Time Period3 Months [change]
DirectionMoves Against 
StrengthInsignificant
Accuracy100.0%
ValuesDaily Returns

Komatsu  vs.  AmeraMex International

 Performance 
       Timeline  
Komatsu 

Risk-Adjusted Performance

OK

 
Weak
 
Strong
Compared to the overall equity markets, risk-adjusted returns on investments in Komatsu are ranked lower than 9 (%) of all global equities and portfolios over the last 90 days. In spite of fairly fragile basic indicators, Komatsu may actually be approaching a critical reversion point that can send shares even higher in April 2025.
AmeraMex International 

Risk-Adjusted Performance

Very Weak

 
Weak
 
Strong
Over the last 90 days AmeraMex International has generated negative risk-adjusted returns adding no value to investors with long positions. In spite of fairly strong primary indicators, AmeraMex International is not utilizing all of its potentials. The current stock price disturbance, may contribute to short-term losses for the investors.

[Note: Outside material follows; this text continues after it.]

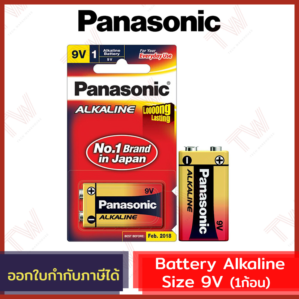 ถ่านอัลคาไลน์ 9V (1 ก้อน) พานาโซนิค 6LR61T/1B ขนาด 9V กำลังไฟ 9 โวลต์ ถูกออกแบบมาให้สามารถนำไปใช้งานกับอุปกรณ์อิเล็กทรอนิกส์ต่างๆ และตอบสนองอุปกรณ์ดิจิทัลที่ต้องการพลังไฟสูงได้อย่างเต็มประสิมธิภาพ เช่น กล้องถ่ายรูปดิจิทัล, เครื่องเล่นเทป/ซีดี/วีซีดีพกพา ฯลฯ ช่วยให้การควบคุมการสั่งงานระยะไกลได้อย่างฉับไว ลื่นไหล ไม่สะดุด เปลี่ยนใช้งานง่าย น้ำหนักเบา พกพาไปสร้างความสนุกของคุณได้ทุกที่ นอกจากนั้นยังได้รับมาตรฐานอุตสาหกรรม ไร้สารปรอทและแคดเมียม จึงมั่นใจในความปลอดภัย ไม่เป็นอันตรายต่อคนและสิ่งแวดล้อม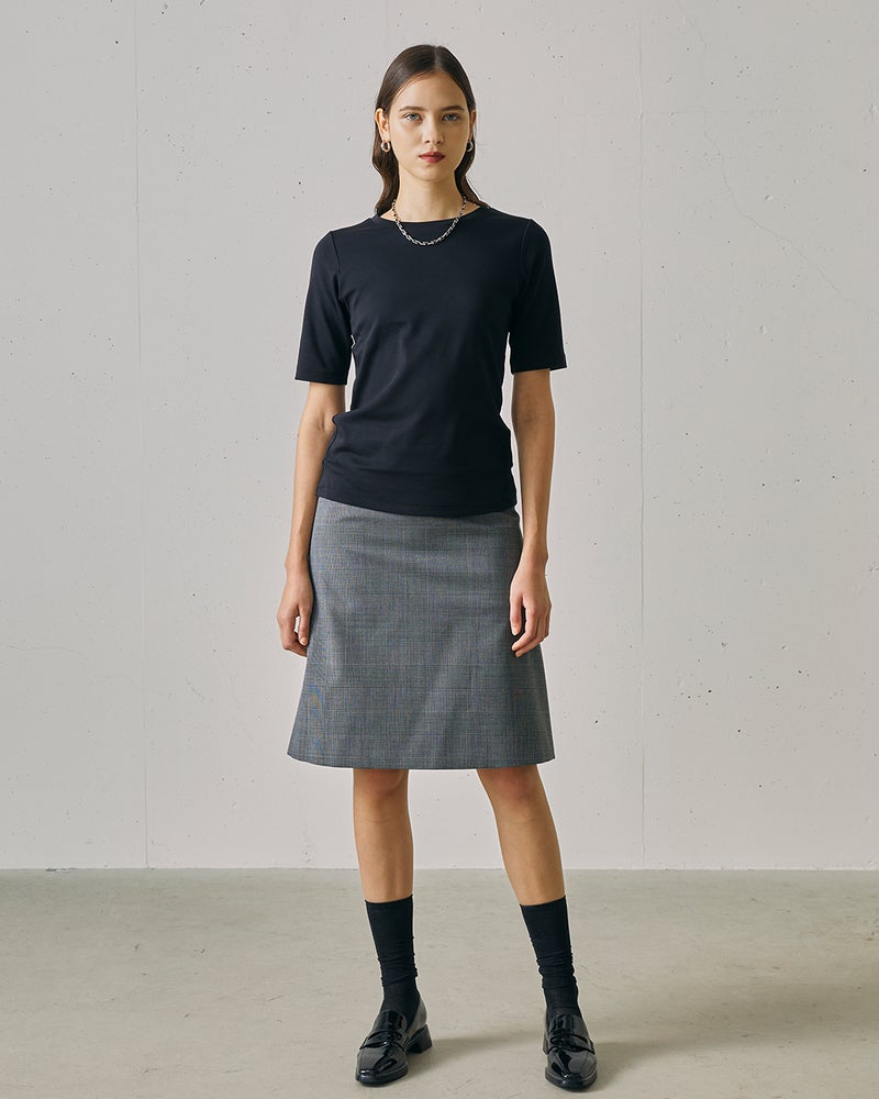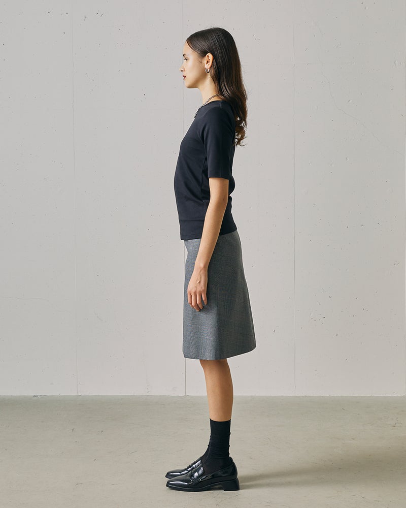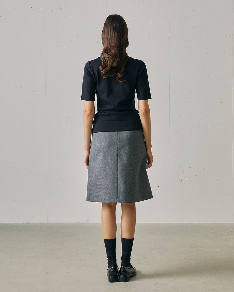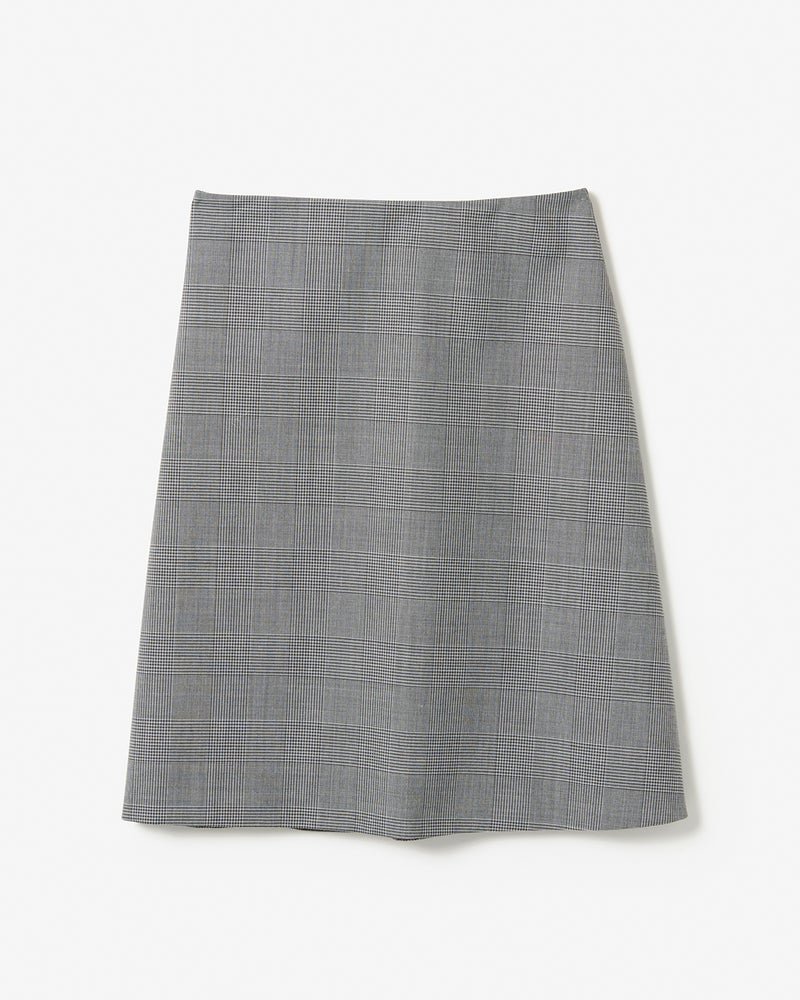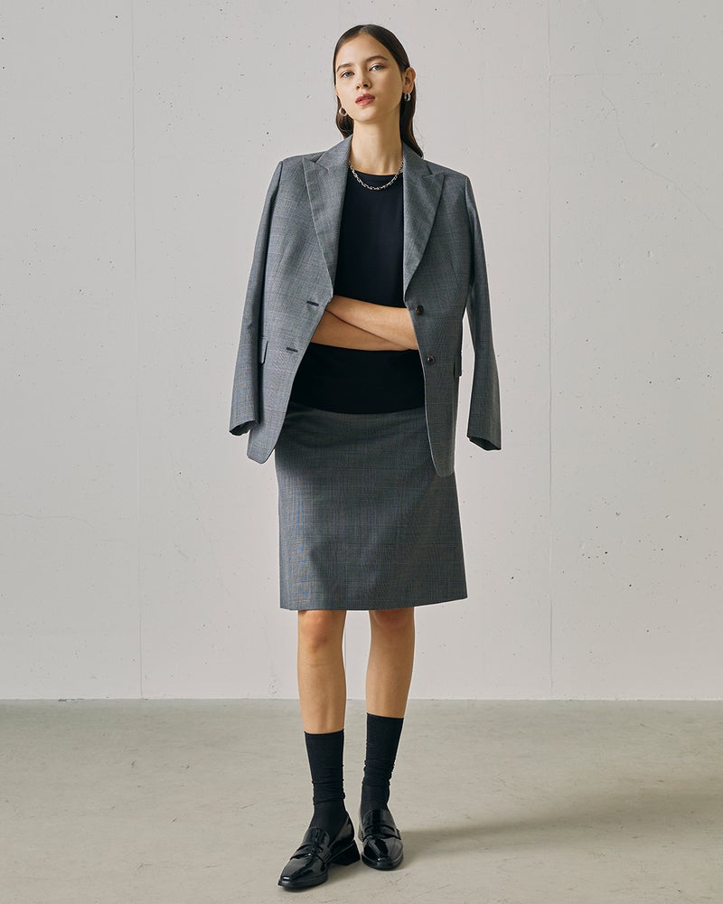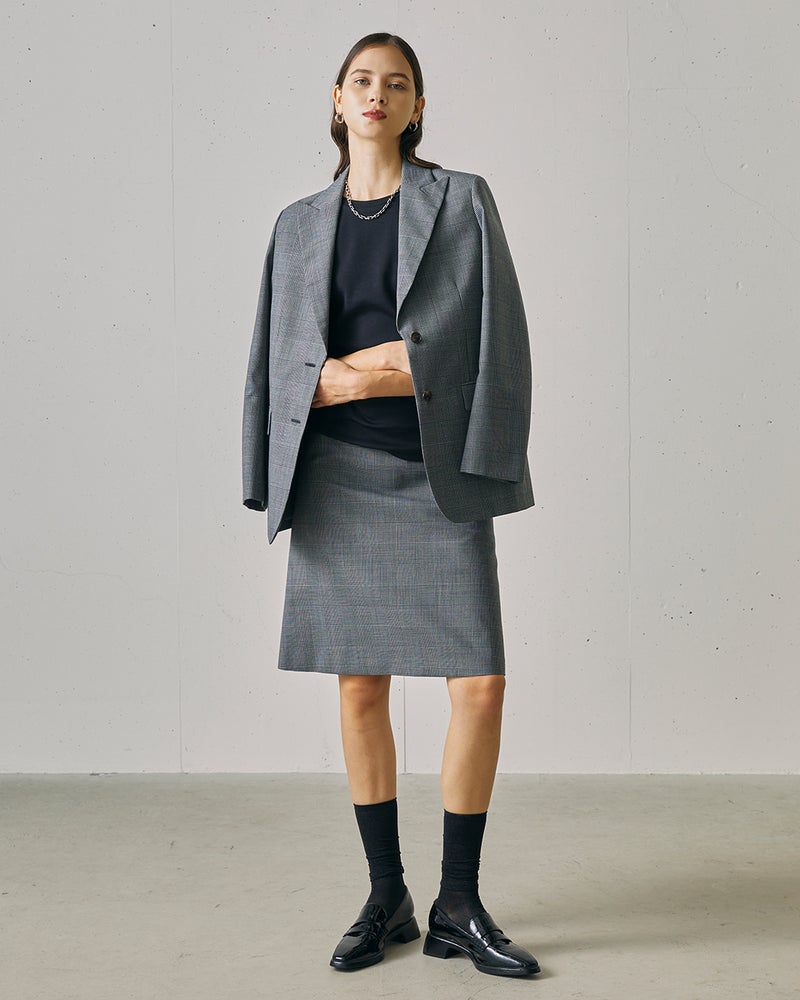 コンパクトなショートレングスのスカートは、ロングブーツとも相性がよく膝下をスマートに見せる、実は大人世代に最適なアイテム。ほんのりAラインのシルエットで、立体的に仕立てました。素材は世界のメゾンにも生地を提供するイタリアの名門生地ファクトリーから届いた、選りすぐりのウール混ポリエステル。ジェントルシックなグレンチェック柄だから、どんなアイテムを合わせてもハンサムな表情に。同素材のシングルジャケット(14660)と合わせるのもおすすめ。

Komatsu and AmeraMex International Volatility Contrast

   Predicted Return Density   
       Returns  

Pair Trading with Komatsu and AmeraMex International

The main advantage of trading using opposite Komatsu and AmeraMex International positions is that it hedges away some unsystematic risk. Because of two separate transactions, even if Komatsu position performs unexpectedly, AmeraMex International can make up some of the losses. Pair trading also minimizes risk from directional movements in the market. For example, if an entire industry or sector drops because of unexpected headlines, the short position in AmeraMex International will offset losses from the drop in AmeraMex International's long position.
The idea behind Komatsu and AmeraMex International pairs trading is to make the combined position market-neutral, meaning the overall market's direction will not affect its win or loss (or potential downside or upside). This can be achieved by designing a pairs trade with two highly correlated stocks or equities that operate in a similar space or sector, making it possible to obtain profits through simple and relatively low-risk investment.
Check out your portfolio center.
Note that this page's information should be used as a complementary analysis to find the right mix of equity instruments to add to your existing portfolios or create a brand new portfolio. You can also try the Pattern Recognition module to use different Pattern Recognition models to time the market across multiple global exchanges.